---------- Data

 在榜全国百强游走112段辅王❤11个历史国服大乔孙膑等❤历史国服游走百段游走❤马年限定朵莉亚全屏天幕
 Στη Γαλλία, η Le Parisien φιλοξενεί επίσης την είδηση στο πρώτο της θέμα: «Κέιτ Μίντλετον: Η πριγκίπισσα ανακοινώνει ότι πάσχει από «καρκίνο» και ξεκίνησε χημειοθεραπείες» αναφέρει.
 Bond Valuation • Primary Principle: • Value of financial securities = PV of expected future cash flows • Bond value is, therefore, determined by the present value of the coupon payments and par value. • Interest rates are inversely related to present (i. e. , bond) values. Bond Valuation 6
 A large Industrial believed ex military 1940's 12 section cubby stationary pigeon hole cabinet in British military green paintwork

--------------------
---------- Data

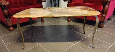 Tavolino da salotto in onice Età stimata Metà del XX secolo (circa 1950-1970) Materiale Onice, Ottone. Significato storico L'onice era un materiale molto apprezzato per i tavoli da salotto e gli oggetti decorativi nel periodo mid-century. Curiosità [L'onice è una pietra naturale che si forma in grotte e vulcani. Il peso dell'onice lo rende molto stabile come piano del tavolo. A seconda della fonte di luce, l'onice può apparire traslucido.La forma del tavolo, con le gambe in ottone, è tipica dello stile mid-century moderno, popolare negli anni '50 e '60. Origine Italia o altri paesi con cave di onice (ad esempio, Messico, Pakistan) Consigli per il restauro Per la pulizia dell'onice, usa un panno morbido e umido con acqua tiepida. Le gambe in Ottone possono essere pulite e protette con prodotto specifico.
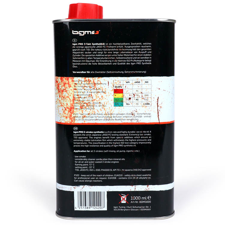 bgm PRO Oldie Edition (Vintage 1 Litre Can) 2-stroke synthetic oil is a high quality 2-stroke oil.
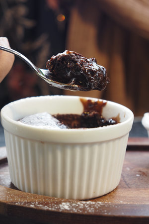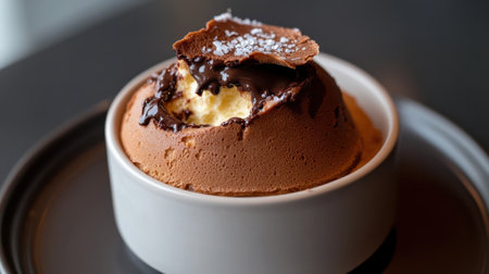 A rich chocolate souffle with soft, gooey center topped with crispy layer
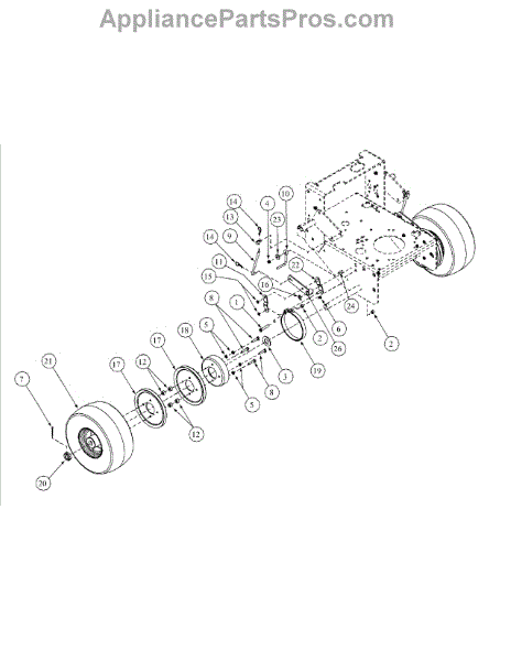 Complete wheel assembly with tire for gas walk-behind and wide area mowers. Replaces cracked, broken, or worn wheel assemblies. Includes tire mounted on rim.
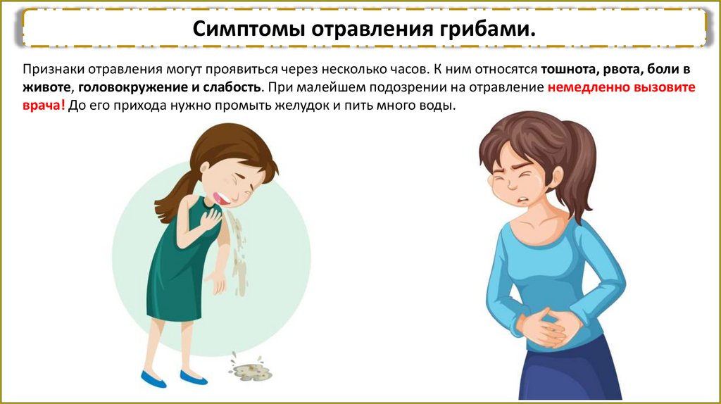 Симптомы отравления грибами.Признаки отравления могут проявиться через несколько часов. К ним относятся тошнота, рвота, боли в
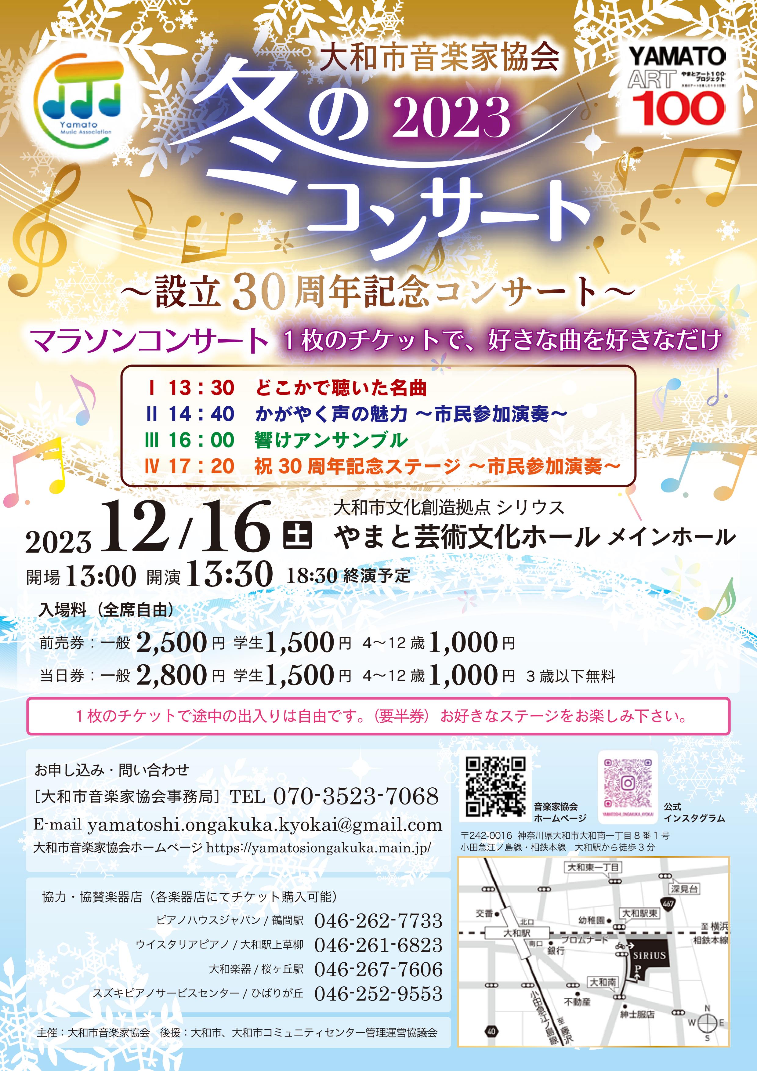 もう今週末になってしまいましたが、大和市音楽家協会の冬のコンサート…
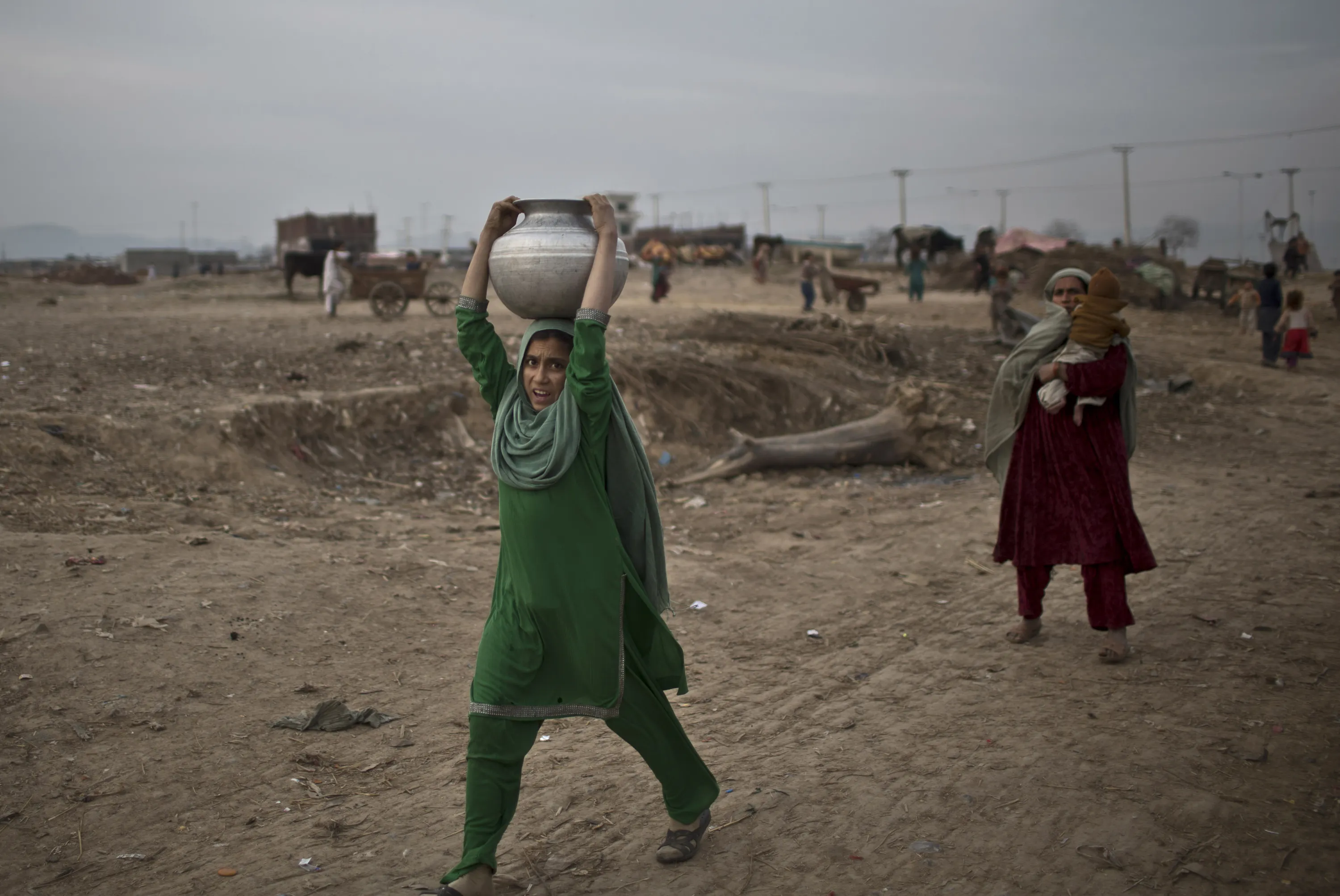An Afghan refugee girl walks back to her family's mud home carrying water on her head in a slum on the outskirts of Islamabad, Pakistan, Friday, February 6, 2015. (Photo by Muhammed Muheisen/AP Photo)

--------------------
---------- Data

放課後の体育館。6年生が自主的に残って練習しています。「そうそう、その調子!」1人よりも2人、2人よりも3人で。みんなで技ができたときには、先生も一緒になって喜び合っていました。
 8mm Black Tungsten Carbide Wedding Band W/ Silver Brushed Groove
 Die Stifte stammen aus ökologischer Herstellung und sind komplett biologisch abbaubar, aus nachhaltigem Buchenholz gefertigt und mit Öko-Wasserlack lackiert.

--------------------

Using the data above, give again exactly the lines starting at the one holding "Симптомы отравления грибами.Признаки" and ending at the one holding "An Afghan refugee", inclusive, and nothing more. Omit the pictures.

 Симптомы отравления грибами.Признаки отравления могут проявиться через несколько часов. К ним относятся тошнота, рвота, боли в
 もう今週末になってしまいましたが、大和市音楽家協会の冬のコンサート…
An Afghan refugee girl walks back to her family's mud home carrying water on her head in a slum on the outskirts of Islamabad, Pakistan, Friday, February 6, 2015. (Photo by Muhammed Muheisen/AP Photo)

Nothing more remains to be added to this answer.